### Problem to solve
Each entry should be set down exactly as written, except for any picture it holds.
--- Exercise data ---
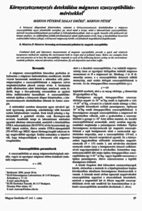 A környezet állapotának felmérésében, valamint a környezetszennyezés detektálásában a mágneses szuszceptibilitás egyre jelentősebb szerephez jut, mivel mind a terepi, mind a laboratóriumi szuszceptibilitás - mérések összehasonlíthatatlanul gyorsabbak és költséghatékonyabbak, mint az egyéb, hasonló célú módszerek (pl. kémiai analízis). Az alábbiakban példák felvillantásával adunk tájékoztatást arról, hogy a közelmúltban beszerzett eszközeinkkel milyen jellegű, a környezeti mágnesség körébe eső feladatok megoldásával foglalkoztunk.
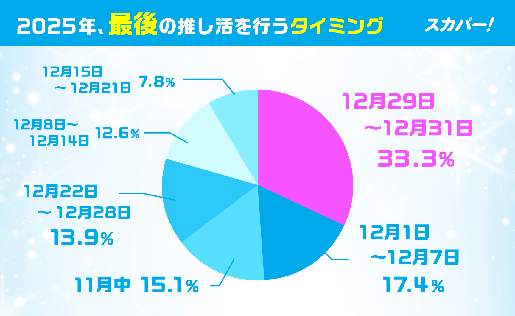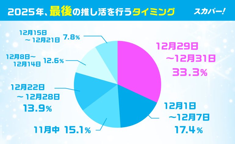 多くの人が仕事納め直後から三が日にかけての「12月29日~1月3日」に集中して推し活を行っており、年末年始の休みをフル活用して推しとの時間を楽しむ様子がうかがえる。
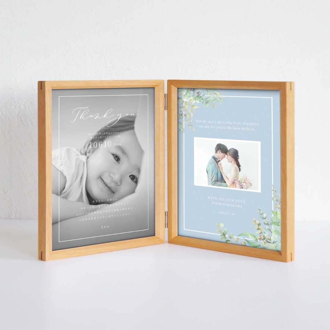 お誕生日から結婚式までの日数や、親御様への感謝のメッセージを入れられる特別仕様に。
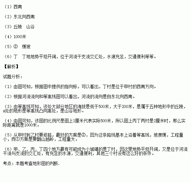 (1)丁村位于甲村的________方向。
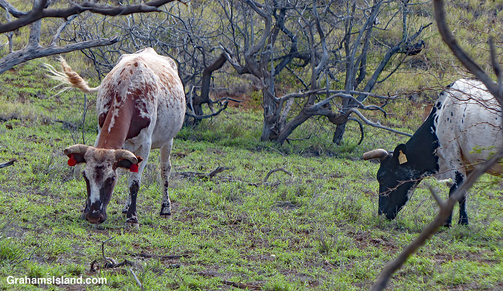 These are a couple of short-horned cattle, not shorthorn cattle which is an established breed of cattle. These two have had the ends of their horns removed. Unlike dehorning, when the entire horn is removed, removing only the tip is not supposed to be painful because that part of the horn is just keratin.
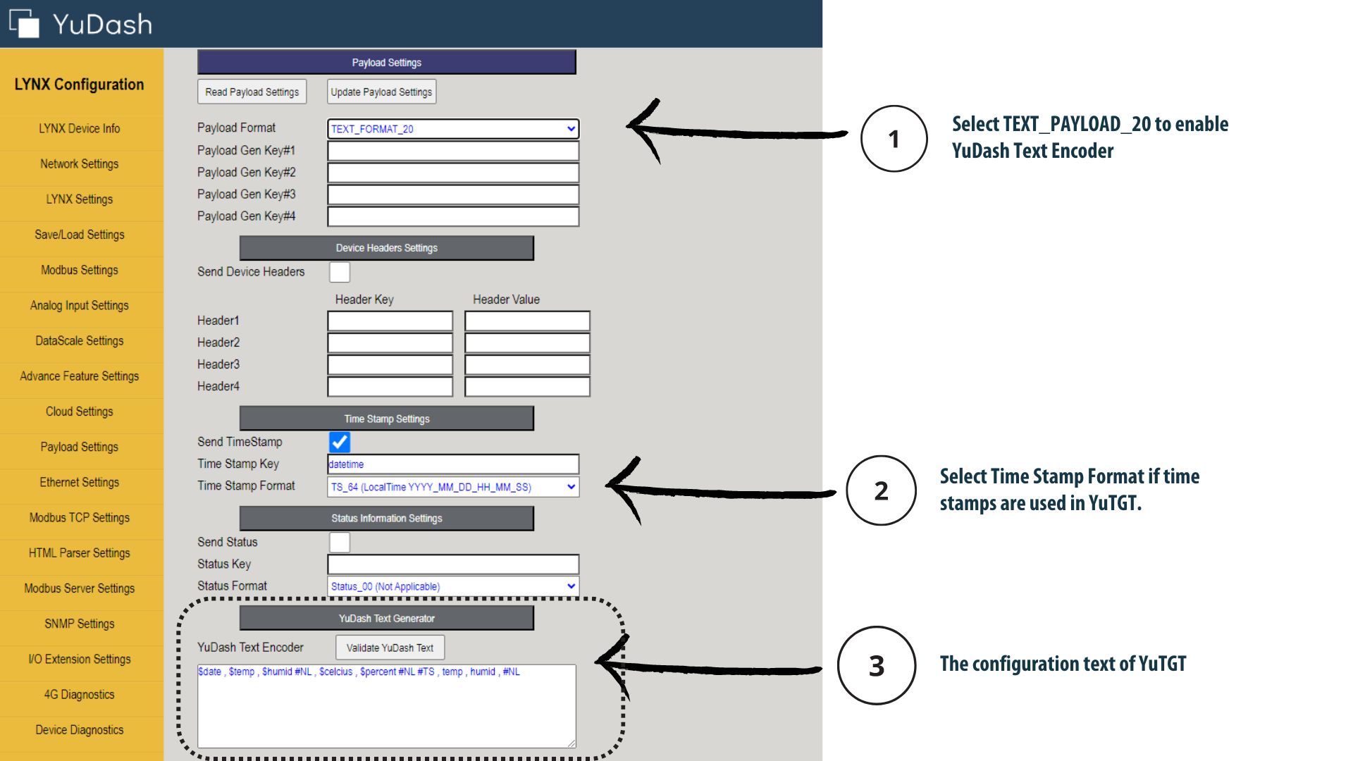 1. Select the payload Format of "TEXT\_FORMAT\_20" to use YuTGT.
---
### Result
 A környezet állapotának felmérésében, valamint a környezetszennyezés detektálásában a mágneses szuszceptibilitás egyre jelentősebb szerephez jut, mivel mind a terepi, mind a laboratóriumi szuszceptibilitás - mérések összehasonlíthatatlanul gyorsabbak és költséghatékonyabbak, mint az egyéb, hasonló célú módszerek (pl. kémiai analízis). Az alábbiakban példák felvillantásával adunk tájékoztatást arról, hogy a közelmúltban beszerzett eszközeinkkel milyen jellegű, a környezeti mágnesség körébe eső feladatok megoldásával foglalkoztunk.
 多くの人が仕事納め直後から三が日にかけての「12月29日~1月3日」に集中して推し活を行っており、年末年始の休みをフル活用して推しとの時間を楽しむ様子がうかがえる。
 お誕生日から結婚式までの日数や、親御様への感謝のメッセージを入れられる特別仕様に。
 (1)丁村位于甲村的________方向。
 These are a couple of short-horned cattle, not shorthorn cattle which is an established breed of cattle. These two have had the ends of their horns removed. Unlike dehorning, when the entire horn is removed, removing only the tip is not supposed to be painful because that part of the horn is just keratin.
 1. Select the payload Format of "TEXT\_FORMAT\_20" to use YuTGT.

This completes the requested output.